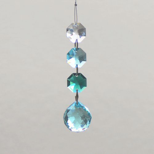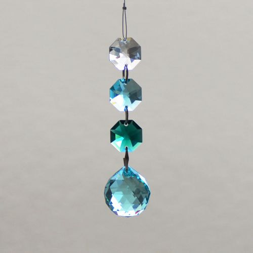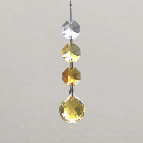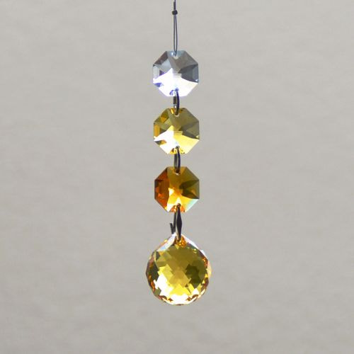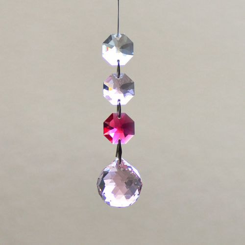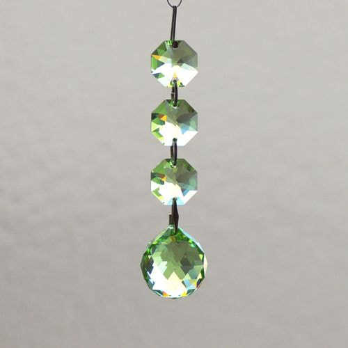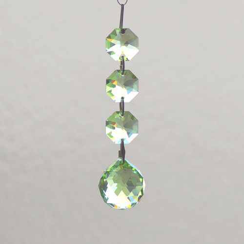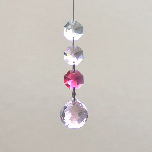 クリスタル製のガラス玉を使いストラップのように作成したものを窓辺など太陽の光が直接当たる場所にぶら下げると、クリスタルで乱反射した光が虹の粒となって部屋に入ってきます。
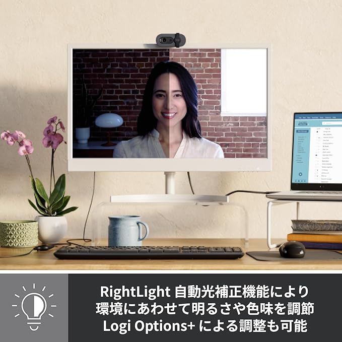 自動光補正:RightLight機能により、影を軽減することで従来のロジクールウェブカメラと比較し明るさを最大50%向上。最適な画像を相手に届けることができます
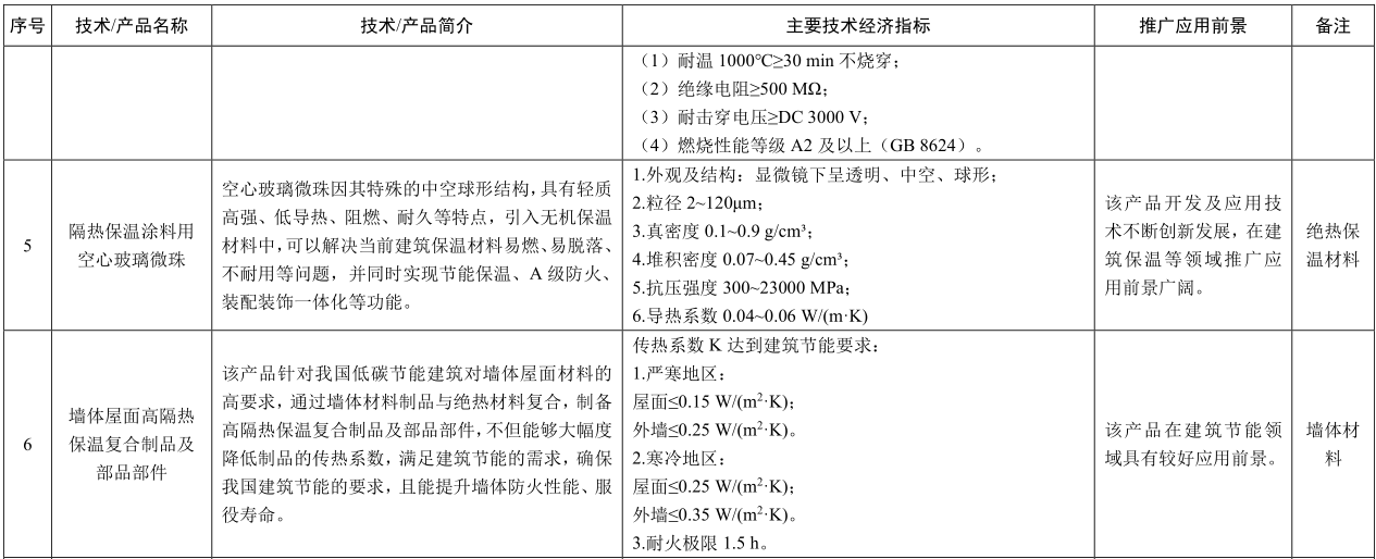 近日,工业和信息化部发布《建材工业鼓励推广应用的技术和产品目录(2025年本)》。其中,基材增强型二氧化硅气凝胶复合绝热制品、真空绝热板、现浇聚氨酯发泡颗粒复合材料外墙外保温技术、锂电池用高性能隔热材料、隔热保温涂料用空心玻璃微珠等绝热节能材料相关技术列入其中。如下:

======

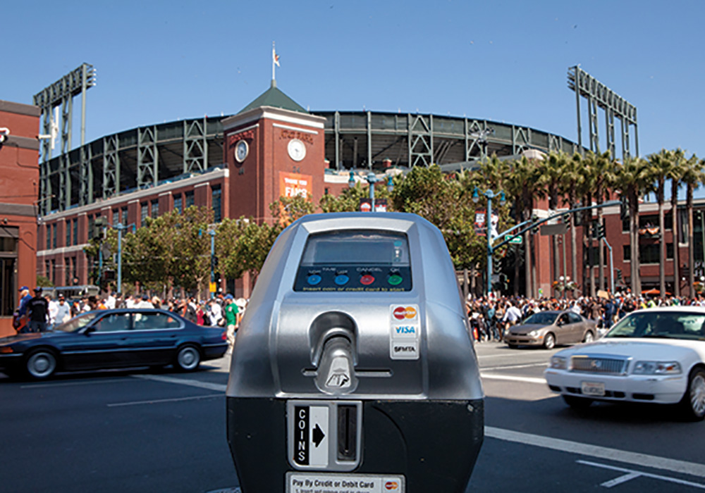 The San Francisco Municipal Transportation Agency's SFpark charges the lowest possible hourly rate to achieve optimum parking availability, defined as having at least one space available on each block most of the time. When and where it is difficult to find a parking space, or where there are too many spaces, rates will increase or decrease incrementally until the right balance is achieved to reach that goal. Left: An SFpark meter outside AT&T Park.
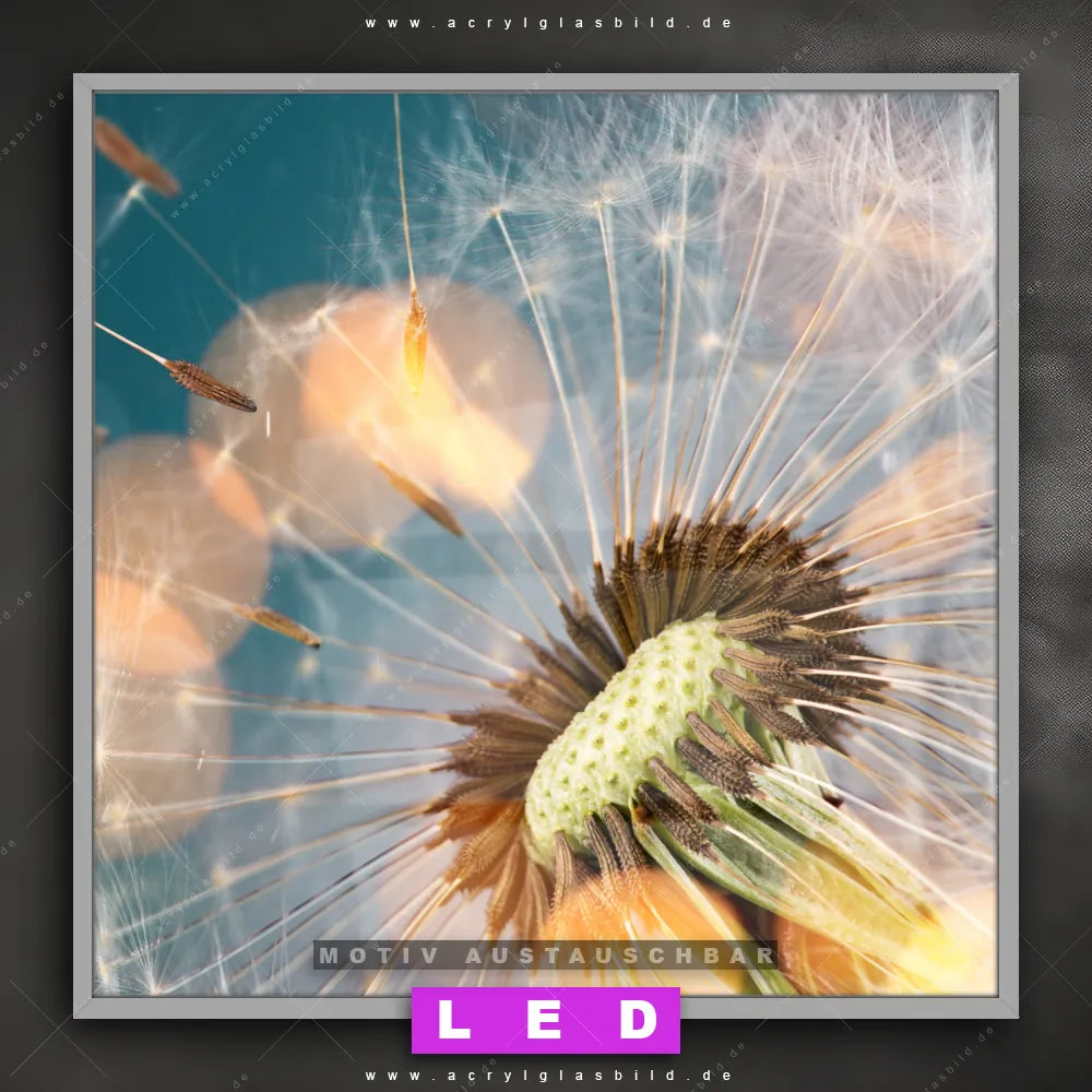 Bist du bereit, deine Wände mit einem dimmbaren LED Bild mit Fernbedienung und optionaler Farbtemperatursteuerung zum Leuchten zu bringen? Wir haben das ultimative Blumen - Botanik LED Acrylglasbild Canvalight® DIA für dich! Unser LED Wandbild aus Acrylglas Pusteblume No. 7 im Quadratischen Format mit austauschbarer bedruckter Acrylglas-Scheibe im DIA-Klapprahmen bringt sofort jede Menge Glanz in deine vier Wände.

======

* _ASSIGNMENT_
Would you set down only the lines above from the line with "自動光補正:RightLig" to the line with "近日,工业和信息化部发布《建", both included, exactly as they stand and without the pictures?

* _WRITTEN RESPONSE_
 自動光補正:RightLight機能により、影を軽減することで従来のロジクールウェブカメラと比較し明るさを最大50%向上。最適な画像を相手に届けることができます
 近日,工业和信息化部发布《建材工业鼓励推广应用的技术和产品目录(2025年本)》。其中,基材增强型二氧化硅气凝胶复合绝热制品、真空绝热板、现浇聚氨酯发泡颗粒复合材料外墙外保温技术、锂电池用高性能隔热材料、隔热保温涂料用空心玻璃微珠等绝热节能材料相关技术列入其中。如下:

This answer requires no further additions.